= 2015 AIBA World Boxing Championships – Heavyweight =

Boxing competitions

== General Information ==

The 2015 AIBA World Boxing Championships were held from the 5th to the 18th of October in 2015 . The 2015 heavyweight weight class at the AIBA World Boxing Championships competed a total of 23 bouts from the 7th of October to the 14th of October with a total of 24 boxers. The heavyweight weight class starts at 200 pounds (91kg) and up.

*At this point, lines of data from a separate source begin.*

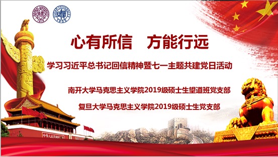 初心不改,九九如一。为庆祝中国共产党成立99周年,认真学习习近平总书记给复旦大学《共产党宣言》展示馆党员志愿服务队全体队员回信精神,重温习近平总书记给Betway体育西汉姆联8名参军入伍学生回信精神,激发青年党员将爱国之心化为报国之行的热情,在“七一”建党节当天,必威BETWAY西汉姆联2019级硕士生望道班党支部联合复旦大学必威BETWAY西汉姆联2019级硕士生党支部开展以“心有所信 方能行远”为主题的联学共建党日活动。必威BETWAY西汉姆联党委副书记、副院长刘一博老师,复旦大学必威BETWAY西汉姆联党委副书记潘孝楠老师,双方党支部全体党员、部分入党积极分子通过网络平台参加本次活动。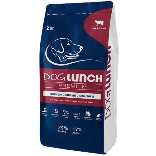 DOG LUNCH PREMIUM для взрослых собак средних и крупных пород с говядиной (2 кг) информация: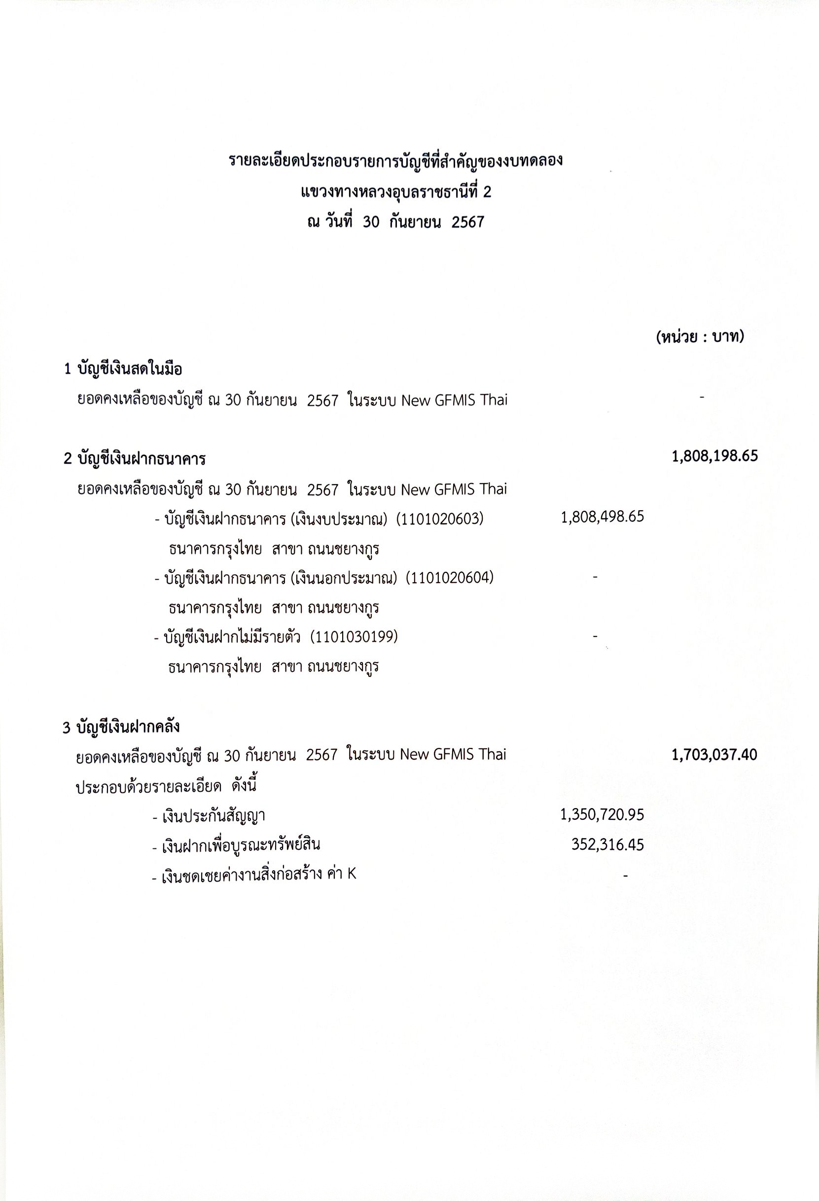 รายละเอียดประกอบรายการบัญชีที่สำคัญของงบทดลอง แขวงทางหลวงอุบลราชธานีที่ 2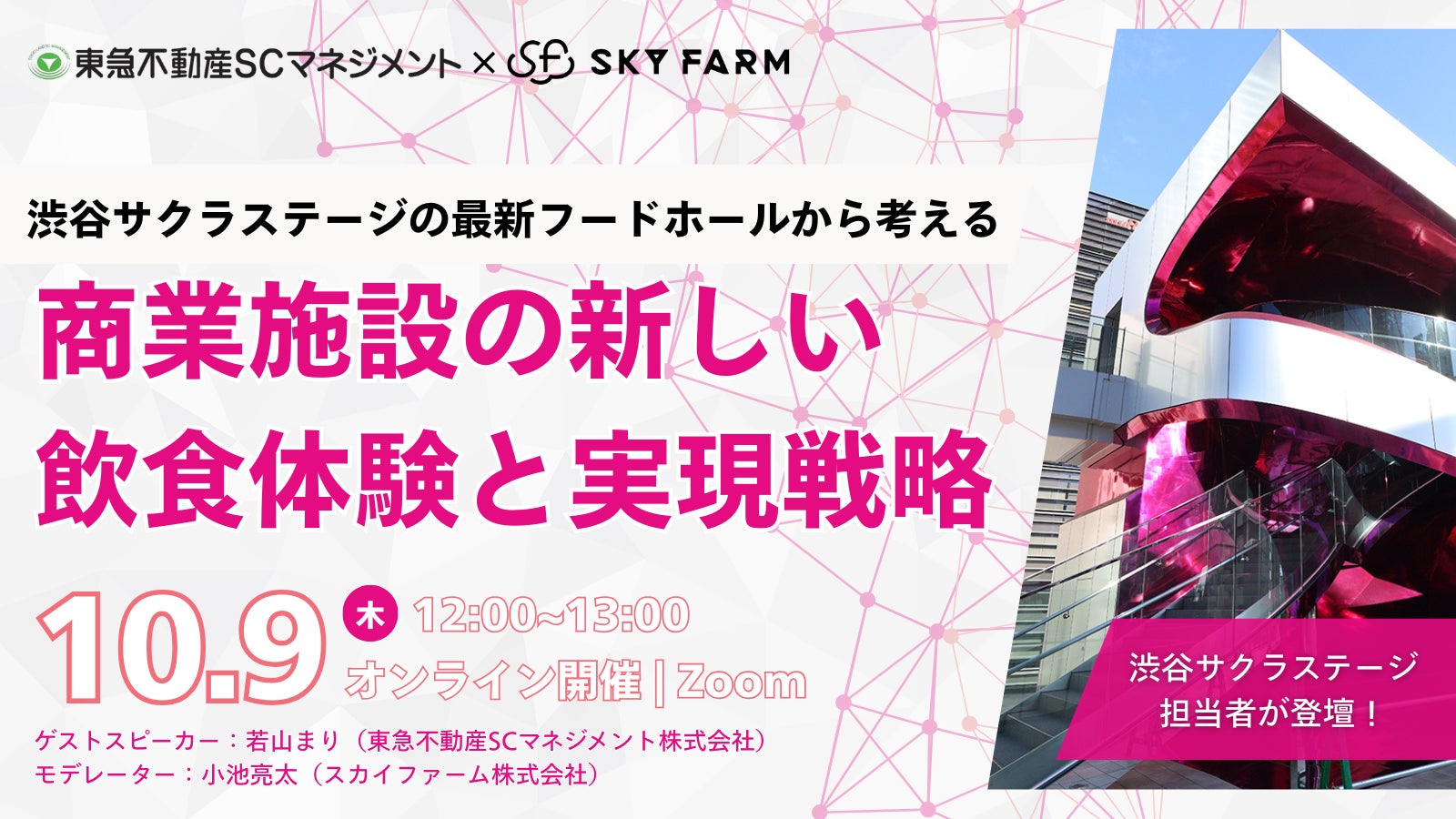 ウェビナー名:【東急不動産SCマネジメント×スカイファーム】渋谷サクラステージから紐解く、商業施設の飲食体験解説セミナー

This is a qualifying tournament for the upcoming 2016 Summer Olympics.

==Medalists==

| Gold | Evgeny Tishchenko (RUS) |
| Silver | Erislandy Savón (CUB) |
| Bronze | Abdulkadir Abdullayev (AZE) |
Gevorg Manukian (UKR)

==Seeds==

1. CUB Erislandy Savón
2. KAZ Vasiliy Levit (Quarterfinals)
3. RUS Evgeny Tishchenko
4. AZE Abdulkadir Abdullayev (Semifinals)

==Results==

===Ranking===

| Rank | Athlete |
| 1st place, gold medalist(s) | Evgeny Tishchenko (RUS) |
| 2nd place, silver medalist(s) | Erislandy Savón (CUB) |
| 3rd place, bronze medalist(s) | Abdulkadir Abdullayev (AZE) |
| 3rd place, bronze medalist(s) | Gevorg Manukian (UKR) |
| 5 | Rustam Tulaganov (UZB) |
Yamil Peralta (ARG)
Roy Korving (NED)
Vasiliy Levit (KAZ)
| 9 | Julio Castillo (ECU) |
David Nyika (NZL)
Roman Fress (GER)
Chouaib Bouloudinat (ALG)
Joshua Temple (USA)
Nikolajs Grisunins (LAT)
Igor Jakubowski (POL)
Juan Goncalves Nogueira (BRA)
| 17 | Ihab Al-Matbouli (JOR) |
Jason Whateley (AUS)
Paul Omba Biongolo (FRA)
Mehmood Hussan (PAK)
Siarhei Karneyeu (BLR)
Jahon Qurbonov (TJK)
Abdeljalil Abouhamda (MAR)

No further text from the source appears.